As I was watching my virus scanning program nearing completion of scanning all the files on my computer, I noted the detail information. One of the details was how fast it was scanning: 29.5 megabytes per second. Wow. Think about that. In one second the program was scanning twenty-nine million, five-hundred thousand bytes–IN ONE SECOND! Absolutely mindboggling.

For readers who are geeks or near so, the rest of this will be quite boring, but for readers who are interested in bits and bytes, I hope you appreciate the lesson that follows.

What are bytes? What are bits? I’m glad you asked. (Insert chuckle here.) This post is in English, obviously. But English is not the point. The point is whether it is in English, German, French, or whatever, it is a language used to communicate with other people.

Machines, i.e., computers and other “smart” electronic devices, must also communicate, but they aren’t very good with accents, so they use what is called ‘machine language‘. Machine language is comprised of just two states: high and low, meaning five volts or zero volts; a “one” or a “zero”.

In an electronic circuit. zero volts is considered a low or a zero, while five volts is considered a high, or a ‘one’. That is the basis of machine language. It consists of ones and zeroes combined together like letters of our alphabet to communicate.

A bit is one of those states.
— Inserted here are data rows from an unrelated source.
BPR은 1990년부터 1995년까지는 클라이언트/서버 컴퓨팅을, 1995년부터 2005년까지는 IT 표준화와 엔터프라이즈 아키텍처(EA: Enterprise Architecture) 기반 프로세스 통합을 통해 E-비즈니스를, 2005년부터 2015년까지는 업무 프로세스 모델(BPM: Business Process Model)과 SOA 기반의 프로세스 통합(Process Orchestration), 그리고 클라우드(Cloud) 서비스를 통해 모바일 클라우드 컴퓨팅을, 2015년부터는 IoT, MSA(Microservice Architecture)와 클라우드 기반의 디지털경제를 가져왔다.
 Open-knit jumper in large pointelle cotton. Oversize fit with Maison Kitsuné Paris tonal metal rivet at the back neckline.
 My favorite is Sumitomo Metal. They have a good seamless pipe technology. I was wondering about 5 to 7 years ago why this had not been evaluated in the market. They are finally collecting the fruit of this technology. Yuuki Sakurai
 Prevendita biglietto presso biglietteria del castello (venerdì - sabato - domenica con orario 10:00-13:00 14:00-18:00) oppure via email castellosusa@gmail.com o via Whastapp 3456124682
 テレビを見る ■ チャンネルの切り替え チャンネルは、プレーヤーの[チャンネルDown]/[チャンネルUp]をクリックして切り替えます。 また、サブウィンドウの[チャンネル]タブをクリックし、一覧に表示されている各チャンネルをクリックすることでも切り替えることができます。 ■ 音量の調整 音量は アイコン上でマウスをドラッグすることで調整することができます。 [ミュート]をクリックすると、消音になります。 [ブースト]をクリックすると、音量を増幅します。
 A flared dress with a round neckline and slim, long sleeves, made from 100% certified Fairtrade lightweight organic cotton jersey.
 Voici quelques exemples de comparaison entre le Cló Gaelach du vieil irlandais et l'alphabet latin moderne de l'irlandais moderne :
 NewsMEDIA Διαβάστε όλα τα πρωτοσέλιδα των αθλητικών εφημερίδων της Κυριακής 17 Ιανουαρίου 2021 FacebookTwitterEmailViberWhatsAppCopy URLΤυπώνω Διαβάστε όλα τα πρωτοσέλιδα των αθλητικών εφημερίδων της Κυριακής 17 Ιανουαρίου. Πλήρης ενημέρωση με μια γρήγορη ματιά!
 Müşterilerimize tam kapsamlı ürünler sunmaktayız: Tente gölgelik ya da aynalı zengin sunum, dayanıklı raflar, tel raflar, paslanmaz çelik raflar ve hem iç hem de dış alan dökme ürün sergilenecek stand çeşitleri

In other words, a bit is either a one or a zero. With only two possible states, not much communication is possible, so eight bits are combined to form a byte. With a byte (8 bits) there are 256 combinations. This is what I mean:

This is a byte consisting of all ones: 11111111 In machine language, also called binary (binary meaning only two possibles), all those ones seem to add up to only 8, but actually there is another combination: all zeroes or 00000000. If you think that counts up to nine, you would be incorrect. You see, in machine or binary language, there must be a way to “count” or identify letters, numbers and symbols. Each letter, comma, period, semicolon–everything on this page is actually a binary byte. Machines do not understand our alphabet, but they understand bits: a one or a zero or five volts or zero volts.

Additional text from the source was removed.